Random-Radius Ball Method for Estimating Closeness Centrality

Authors: Wataru Inariba, Takuya Akiba, Yuichi Yoshida

AAAI 2017 | Conference PDF | Archive PDF | Plain Text | LLM Run Details

Reproducibility Variable Result LLM Response
Research Type Experimental The effectiveness of the RRB method over existing algorithms is demonstrated through experiments on real-world networks.
Researcher Affiliation Collaboration Wataru Inariba The University of Tokyo and JST, ERATO, Kawarabayashi Large Graph Project oinari17@gmail.com Takuya Akiba Preferred Networks, Inc. akiba@preferred.jp Yuichi Yoshida National Institute of Informatics and Preferred Infrastructure, Inc. yyoshida@nii.ac.jp
Pseudocode Yes Algorithm 1: Random-radius ball (RRB) method. Algorithm 2: Random-radius ball (RRB) method with bootstrapping.
Open Source Code No The paper does not provide an explicit statement or link for the open-sourcing of the RRB method code. It mentions using a third-party framework: "For HB, we used the Web Graph framework, which is the Java program provided by the authors (Boldi and Vigna 2004)."
Open Datasets Yes Networks. All of the networks were collected from the Stanford Large Network Dataset Collection (Leskovec and Krevl 2014) and Laboratory for Web Algorithms (Boldi and Vigna 2004; Boldi et al. 2011).
Dataset Splits No The paper does not explicitly state the training, validation, or test dataset splits. It mentions using various networks for experiments, but no details on how these were partitioned for evaluation.

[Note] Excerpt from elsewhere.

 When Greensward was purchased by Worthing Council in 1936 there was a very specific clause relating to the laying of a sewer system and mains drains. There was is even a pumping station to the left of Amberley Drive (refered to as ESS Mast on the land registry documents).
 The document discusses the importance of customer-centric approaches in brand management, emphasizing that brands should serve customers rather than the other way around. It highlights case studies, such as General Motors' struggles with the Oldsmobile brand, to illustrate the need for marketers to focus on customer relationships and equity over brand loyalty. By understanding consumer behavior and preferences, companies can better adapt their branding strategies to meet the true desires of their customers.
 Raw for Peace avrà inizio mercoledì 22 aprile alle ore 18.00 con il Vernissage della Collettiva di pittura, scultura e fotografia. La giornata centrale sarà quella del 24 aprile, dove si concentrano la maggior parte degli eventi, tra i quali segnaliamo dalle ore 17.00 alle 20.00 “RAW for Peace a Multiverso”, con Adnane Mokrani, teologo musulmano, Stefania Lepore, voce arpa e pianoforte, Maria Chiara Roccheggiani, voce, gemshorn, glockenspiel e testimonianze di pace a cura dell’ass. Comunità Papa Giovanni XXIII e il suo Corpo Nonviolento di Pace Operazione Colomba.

Hardware Specification Yes All of the experiments were conducted on a machine with two Intel Xeon E5540 processors and 48 Gi B of main memory.
Software Dependencies Yes We implemented RRB, RRB-BS, and ADS in C++11 and compiled them with gcc 4.8.2. For HB, we used the Web Graph framework, which is the Java program provided by the authors (Boldi and Vigna 2004).

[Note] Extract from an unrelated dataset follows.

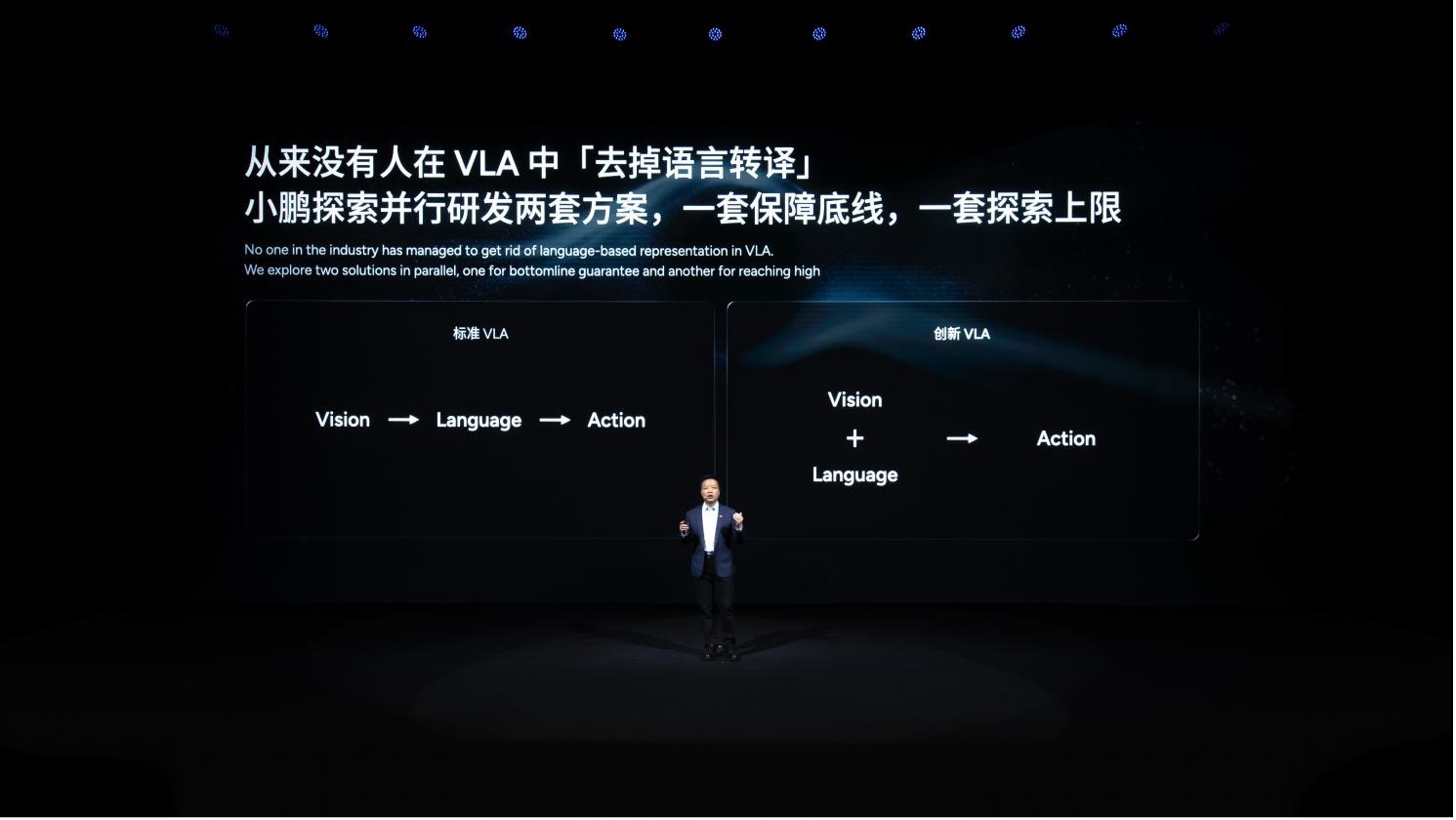 这次最核心的技术突破,当属第二代 VLA 大模型。咱们不用纠结 “VLA” 这三个字母啥意思,只需要知道它是物理 AI 的 “大脑”—— 过去行业里的类似模型,得先把视觉信号(比如摄像头看到的路况)转成文字描述,再根据文字生成动作指令,就像人先 “看懂” 再 “思考” 最后 “动手”,中间绕了个弯。而小鹏的第二代 VLA 直接跳过了 “语言转译” 这一步,视觉信号进来,直接输出动作指令,反应速度快了不少,还成了行业里首个能量产的物理世界大模型。

Experiment Setup Yes For RRB-BS, we set s = 3. For all of these methods, we can control the trade-off between the time complexity and accuracy by varying select parameters. Throughout all of the experiments, we estimated the harmonic centrality of the vertices, i.e., the distance-decay function α(x) was set to 1/x. To evaluate the (normalized) RMSE of an estimate, we ran an algorithm 100 times with different random seeds and then took the average.